Dans son ouvrage, La psychanalyse : une érotologie de passage, Allouch indique en quoi Lacan se montre foucaldien. Lacan n’est pas une thèse, nous dit-il, « ça n’est pas un « système de pensée », c’est un frayage, c’est un mouvement, c’est un parcours. » Á lire ces lignes, on croirait Foucault parlant de son propre itinéraire. Allouch donne ses arguments :
Ainsi, quand il délaisse comme une vieille peau l’intersubjectivité ou la parole pleine, ou le désir défini hégeliennement comme le désir de l’Autre, ou le statut paradigmatique d’RSI, le voyons-nous en effet s’écarter lui-même de lui-même, penser contre lui-même, et avec un certain Freud, celui de la résistance à la norme.
Voilà la norme revenue ici sous une forme différente de celle que Foucault utilise quand il parle de positivités. Cette façon de Lacan de penser contre lui-même ressemble fort à celle de Foucault quand il donne comme tâche au philosophe d’avoir à se déprendre de lui-même. Pour se déprendre de soi, encore faut-il que, dans le rapport de soi à soi dont parle Foucault, intervienne le courage de ne plus savoir ce qui, dans un premier abord, avait été accepté comme su. Et, si comme nous l’avons vu, le courage du non-savoir rejoint le courage de savoir pour peu que ce savoir soit épousseté par la balayette de l’attitude critique, ici le courage du non-savoir revient à se déprendre de ce qui nous a été donné comme corps de connaissance légitime et acceptable.

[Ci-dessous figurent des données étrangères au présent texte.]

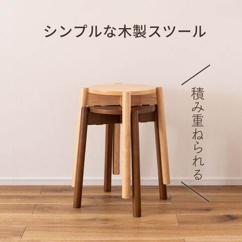 椅子 木製 スツール 44.5cm ナチュラル HOW-008NA | スツール チェア いす イス スタッキング 丸椅子 木製 北欧 シンプル ナチュラル おしゃれ 積み重ね可能 背もたれなし 天然木 軽量 腰掛け 来客用 リビング ダイニング
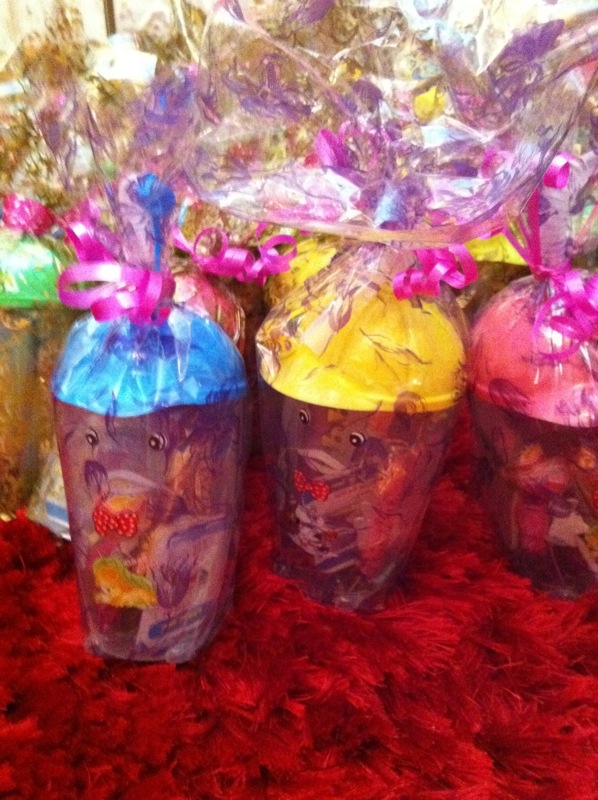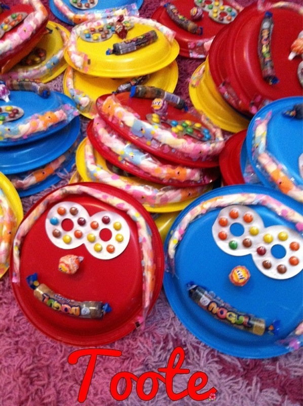 صحون ملونة ملصق عليها الحلاويات ومن الخلف شبس

Dans l’actualité de la période présente, se pose à l’analyse la question de ce qu’elle est aujourd’hui. Après Lacan, apparaît nécessaire d’effectuer une analyse critique du présent. Si telle est la tâche que Foucault donne au philosophe, elle revient aussi à l’analyste. Comment éviter de constituer l’apport de Lacan en enseignement ? Comment éviter de le réduire à un savoir transmissible qui manie des catégories universelles ou essentielles, quand bien même on les référerait au champ freudien ? Comment se déprendre de la surface du discours de Lacan pour, comme le fait Allouch, chercher les quelques grains de sable à partir desquels il proposera les deux analytiques du sexe ? La tâche est rude. Elle requiert une attitude critique vis-vis de ce que Lacan nous a laissé pour rejoindre ce que fut la sienne tout au long de son séminaire : un courageux et incessant mouvement afin de nettoyer les écuries d’Augias d’une analyse réduite à un corps fossilisé de connaissances.